--- INPUT RECORDS ---
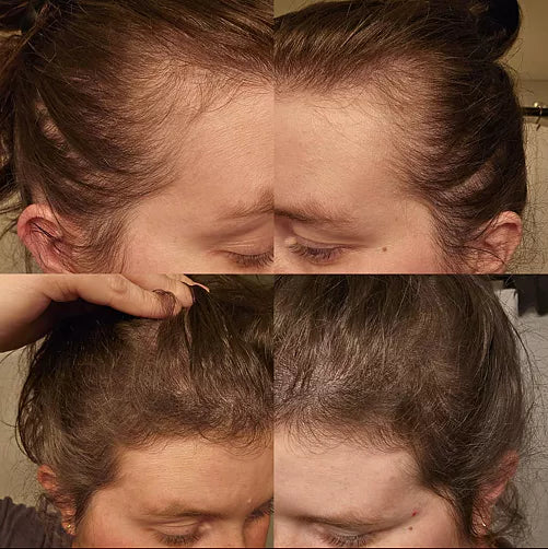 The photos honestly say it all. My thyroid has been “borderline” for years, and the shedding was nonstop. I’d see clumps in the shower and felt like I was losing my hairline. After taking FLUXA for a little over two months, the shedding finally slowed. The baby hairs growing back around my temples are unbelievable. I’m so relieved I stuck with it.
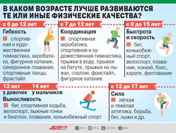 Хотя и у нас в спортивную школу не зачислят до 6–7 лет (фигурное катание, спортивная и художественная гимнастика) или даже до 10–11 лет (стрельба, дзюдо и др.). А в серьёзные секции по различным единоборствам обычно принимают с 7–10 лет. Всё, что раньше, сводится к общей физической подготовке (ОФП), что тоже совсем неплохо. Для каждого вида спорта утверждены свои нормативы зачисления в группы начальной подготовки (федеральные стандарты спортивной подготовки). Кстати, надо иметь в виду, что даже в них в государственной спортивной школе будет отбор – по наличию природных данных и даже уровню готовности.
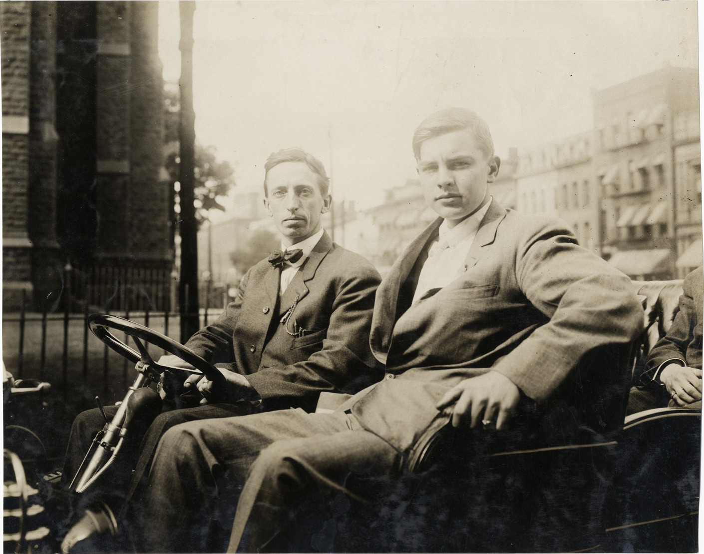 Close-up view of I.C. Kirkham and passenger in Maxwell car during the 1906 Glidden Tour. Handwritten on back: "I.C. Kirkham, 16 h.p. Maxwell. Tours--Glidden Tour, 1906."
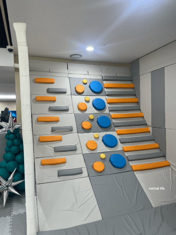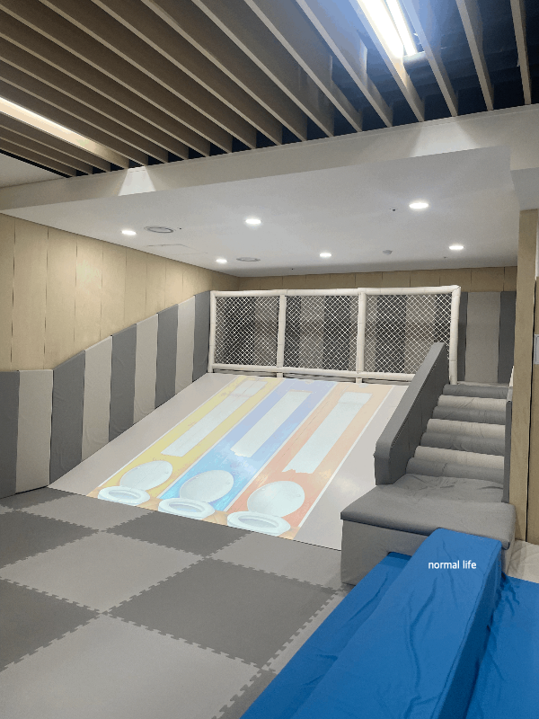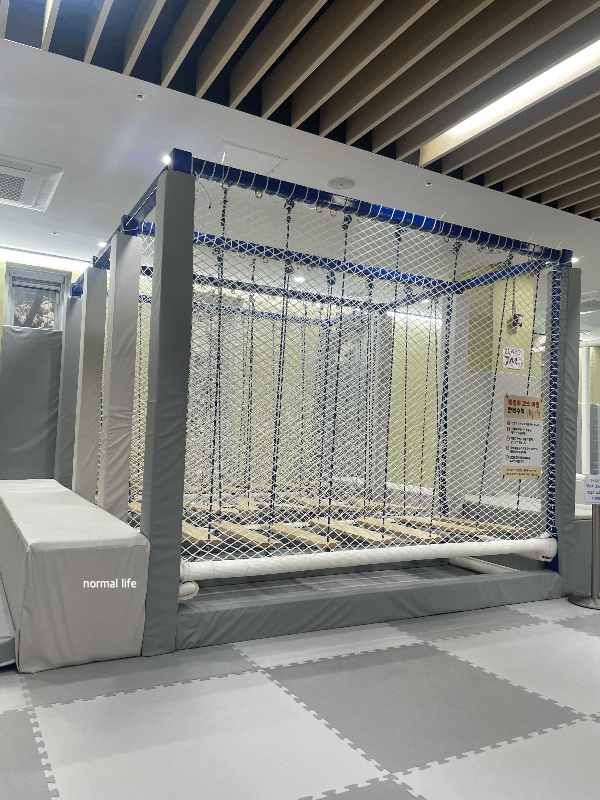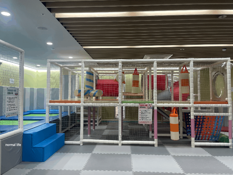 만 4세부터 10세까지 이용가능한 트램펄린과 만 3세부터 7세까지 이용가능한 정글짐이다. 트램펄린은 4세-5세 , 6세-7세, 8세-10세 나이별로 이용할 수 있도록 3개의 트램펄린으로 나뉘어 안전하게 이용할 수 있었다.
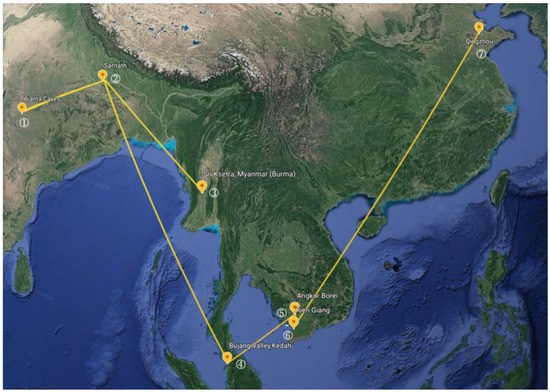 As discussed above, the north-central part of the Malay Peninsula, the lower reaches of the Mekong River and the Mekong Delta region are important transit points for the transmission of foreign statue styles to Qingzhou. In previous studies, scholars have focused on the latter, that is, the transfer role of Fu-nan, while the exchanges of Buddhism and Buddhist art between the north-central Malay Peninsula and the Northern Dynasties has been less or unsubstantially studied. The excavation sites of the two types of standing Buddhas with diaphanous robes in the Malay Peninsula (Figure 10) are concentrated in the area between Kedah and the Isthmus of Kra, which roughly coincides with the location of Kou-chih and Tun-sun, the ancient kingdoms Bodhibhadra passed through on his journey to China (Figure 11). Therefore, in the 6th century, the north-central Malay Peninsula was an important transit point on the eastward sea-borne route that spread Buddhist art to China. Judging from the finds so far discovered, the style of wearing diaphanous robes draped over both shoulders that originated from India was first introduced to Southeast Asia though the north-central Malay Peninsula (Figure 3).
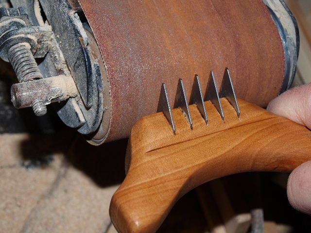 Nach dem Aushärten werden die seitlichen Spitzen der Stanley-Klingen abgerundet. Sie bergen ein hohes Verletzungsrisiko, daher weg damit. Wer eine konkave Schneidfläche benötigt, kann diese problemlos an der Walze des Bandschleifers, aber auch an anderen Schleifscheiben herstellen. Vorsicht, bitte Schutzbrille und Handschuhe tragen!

---

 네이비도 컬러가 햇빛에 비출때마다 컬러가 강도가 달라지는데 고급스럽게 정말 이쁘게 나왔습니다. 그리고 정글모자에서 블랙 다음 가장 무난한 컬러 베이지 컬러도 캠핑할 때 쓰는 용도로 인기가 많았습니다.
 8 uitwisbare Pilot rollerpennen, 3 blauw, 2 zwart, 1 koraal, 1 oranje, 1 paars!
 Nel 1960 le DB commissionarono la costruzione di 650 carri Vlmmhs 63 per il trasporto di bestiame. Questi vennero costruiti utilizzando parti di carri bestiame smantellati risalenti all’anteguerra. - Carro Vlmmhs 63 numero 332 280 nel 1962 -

* * *

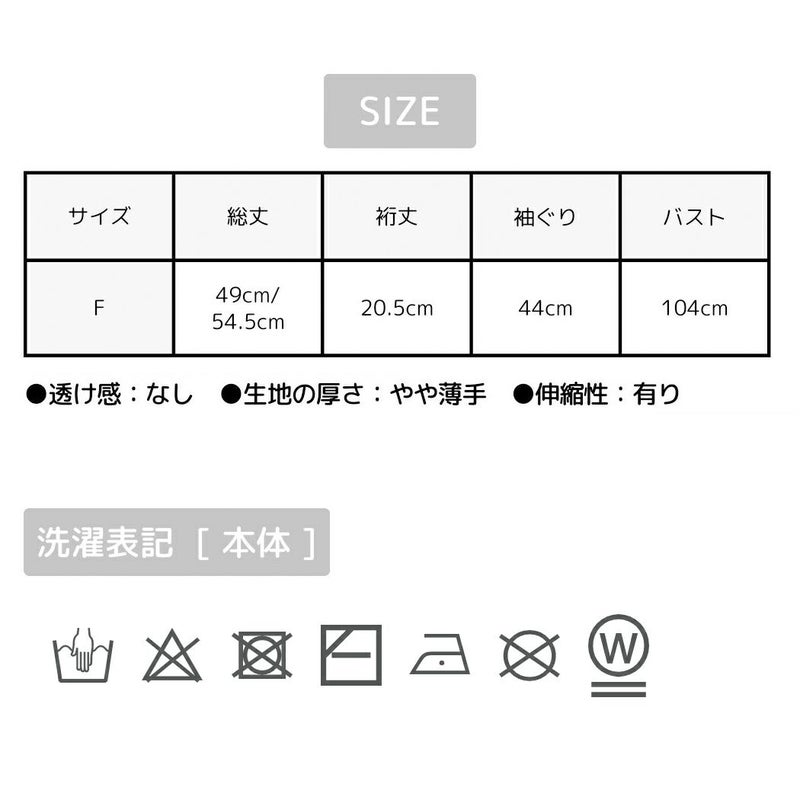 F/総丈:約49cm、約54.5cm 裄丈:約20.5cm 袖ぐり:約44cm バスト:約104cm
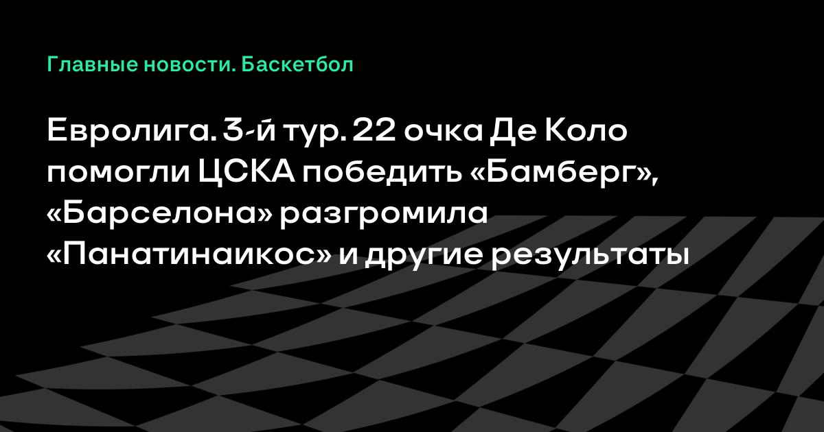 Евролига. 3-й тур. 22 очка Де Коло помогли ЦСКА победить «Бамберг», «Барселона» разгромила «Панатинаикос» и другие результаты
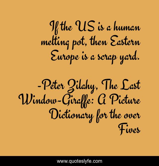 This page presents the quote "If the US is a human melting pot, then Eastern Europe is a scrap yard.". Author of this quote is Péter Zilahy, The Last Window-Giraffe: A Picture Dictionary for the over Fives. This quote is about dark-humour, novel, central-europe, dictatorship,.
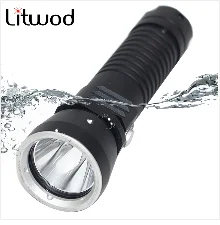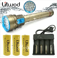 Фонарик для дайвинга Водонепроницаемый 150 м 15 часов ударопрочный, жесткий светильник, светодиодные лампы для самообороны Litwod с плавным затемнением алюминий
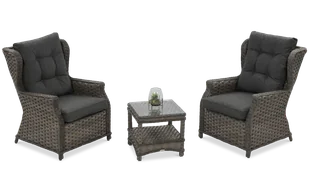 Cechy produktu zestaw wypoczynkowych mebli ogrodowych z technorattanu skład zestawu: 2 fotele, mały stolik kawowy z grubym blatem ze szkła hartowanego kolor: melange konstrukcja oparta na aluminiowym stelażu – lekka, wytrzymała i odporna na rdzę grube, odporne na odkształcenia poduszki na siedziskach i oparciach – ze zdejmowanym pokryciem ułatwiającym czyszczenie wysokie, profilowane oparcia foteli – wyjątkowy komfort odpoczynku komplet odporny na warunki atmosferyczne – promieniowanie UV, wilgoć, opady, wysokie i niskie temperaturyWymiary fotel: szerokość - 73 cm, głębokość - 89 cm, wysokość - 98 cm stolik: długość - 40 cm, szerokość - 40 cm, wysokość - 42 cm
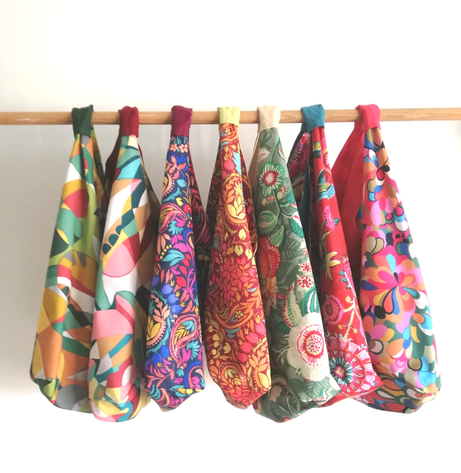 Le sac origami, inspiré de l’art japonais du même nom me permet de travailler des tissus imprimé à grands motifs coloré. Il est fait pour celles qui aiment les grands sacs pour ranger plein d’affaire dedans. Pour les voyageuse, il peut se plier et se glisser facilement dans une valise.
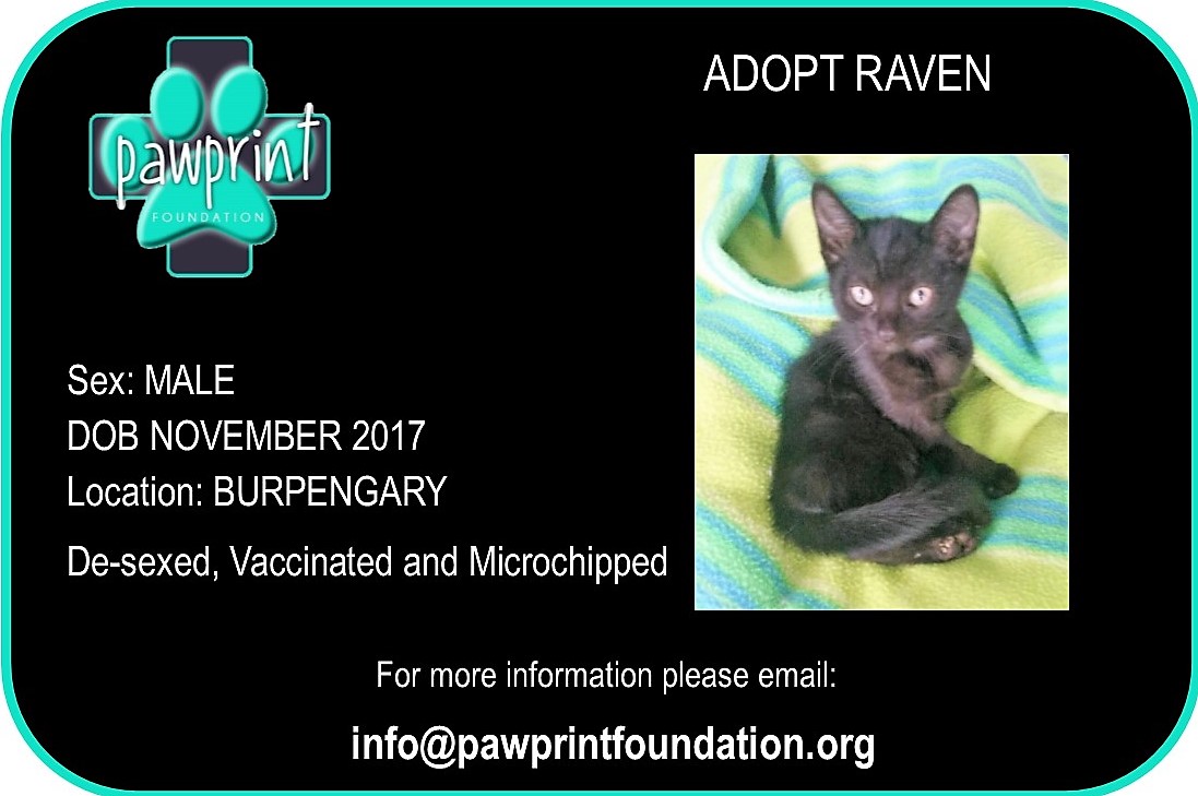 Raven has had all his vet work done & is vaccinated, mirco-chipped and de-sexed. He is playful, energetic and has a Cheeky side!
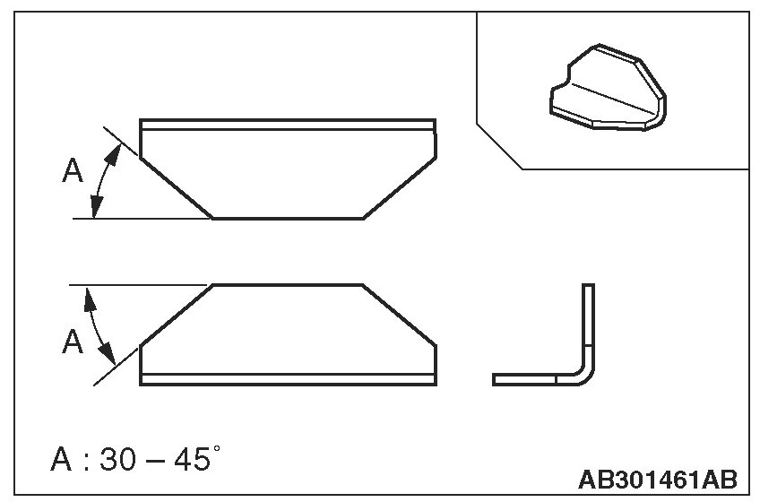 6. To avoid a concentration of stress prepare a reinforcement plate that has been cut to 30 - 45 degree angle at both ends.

--- WHAT IS EXPECTED ---
Leave the pictures out, and transcribe exactly the lines above starting at the one that contains "F/総丈:約49cm、約54.5cm 裄丈:約20.5cm 袖ぐり:約44cm" and ending at the one that contains "This page presents".

--- REPLY TO THE TASK ---
 F/総丈:約49cm、約54.5cm 裄丈:約20.5cm 袖ぐり:約44cm バスト:約104cm
 Евролига. 3-й тур. 22 очка Де Коло помогли ЦСКА победить «Бамберг», «Барселона» разгромила «Панатинаикос» и другие результаты
 This page presents the quote "If the US is a human melting pot, then Eastern Europe is a scrap yard.". Author of this quote is Péter Zilahy, The Last Window-Giraffe: A Picture Dictionary for the over Fives. This quote is about dark-humour, novel, central-europe, dictatorship,.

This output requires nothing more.